Stromal netrin 1 coordinates renal arteriogenesis and mural cell differentiation.

机构信息

Department of Molecular Biology, University of Texas Southwestern Medical Center, 5323 Harry Hines Blvd., Dallas, TX 75390, USA.

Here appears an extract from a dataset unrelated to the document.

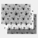 Hojas de papel de envolvimiento de Halloween con telaraña blanca y negra. Suministros y artesanías fiestas con elegante patrón de diversión. Espeluznante diseño de telaraña de Halloween sobre blanco y gris personalizado con arañas grandes y pequeñas espeluznantes.

Center for Regenerative Science and Medicine, University of Texas Southwestern Medical Center, 5323 Harry Hines Blvd., Dallas, TX 75390, USA.

出版信息

Development. 2023 Nov 15;150(22). doi: 10.1242/dev.201884. Epub 2023 Nov 22.

DOI:10.1242/dev.201884
PMID:37823339
原文链接:https://pmc.ncbi.nlm.nih.gov/articles/PMC10690105/
Abstract

The kidney vasculature has a complex architecture that is essential for renal function. The molecular mechanisms that direct development of kidney blood vessels are poorly characterized. We identified a regionally restricted, stroma-derived signaling molecule, netrin 1 (Ntn1), as a regulator of renal vascular patterning in mice. Stromal progenitor (SP)-specific ablation of Ntn1 (Ntn1SPKO) resulted in smaller kidneys with fewer glomeruli, as well as profound defects of the renal artery and transient blood flow disruption. Notably, Ntn1 ablation resulted in loss of arterial vascular smooth muscle cell (vSMC) coverage and in ectopic SMC deposition at the kidney surface. This was accompanied by dramatic reduction of arterial tree branching that perdured postnatally. Transcriptomic analysis of Ntn1SPKO kidneys revealed dysregulation of vSMC differentiation, including downregulation of Klf4, which we find expressed in a subset of SPs. Stromal Klf4 deletion similarly resulted in decreased smooth muscle coverage and arterial branching without, however, the disruption of renal artery patterning and perfusion seen in Ntn1SPKO. These data suggest a stromal Ntn1-Klf4 axis that regulates stromal differentiation and reinforces stromal-derived smooth muscle as a key regulator of renal blood vessel formation.

摘要

肾脏的脉管系统具有复杂的结构,这对于肾脏功能至关重要。然而,指导肾脏血管发育的分子机制还没有得到很好的描述。我们发现,神经导向因子 1(netrin 1,Ntn1)是一种局限于区域的、基质衍生的信号分子,可作为调节小鼠肾脏血管模式形成的因子。基质祖细胞(stromal progenitor,SP)特异性 Ntn1 缺失(Ntn1SPKO)导致肾脏变小,肾小球数量减少,肾动脉严重缺陷和短暂的血流中断。值得注意的是,Ntn1 缺失导致动脉血管平滑肌细胞(vascular smooth muscle cell,vSMC)覆盖丧失,并在肾脏表面异位沉积 SMC。这伴随着动脉树分支的显著减少,这种情况在出生后持续存在。Ntn1SPKO 肾脏的转录组分析显示 vSMC 分化失调,包括 Klf4 的下调,我们发现 Klf4 在一小部分 SP 中表达。然而,基质 Klf4 缺失并没有像 Ntn1SPKO 那样导致动脉分支的破坏和肾脏动脉模式的破坏,也没有导致动脉分支的破坏和肾脏动脉模式的破坏。这些数据表明,基质 Ntn1-Klf4 轴调节基质分化,并加强基质衍生的平滑肌作为肾脏血管形成的关键调节因子。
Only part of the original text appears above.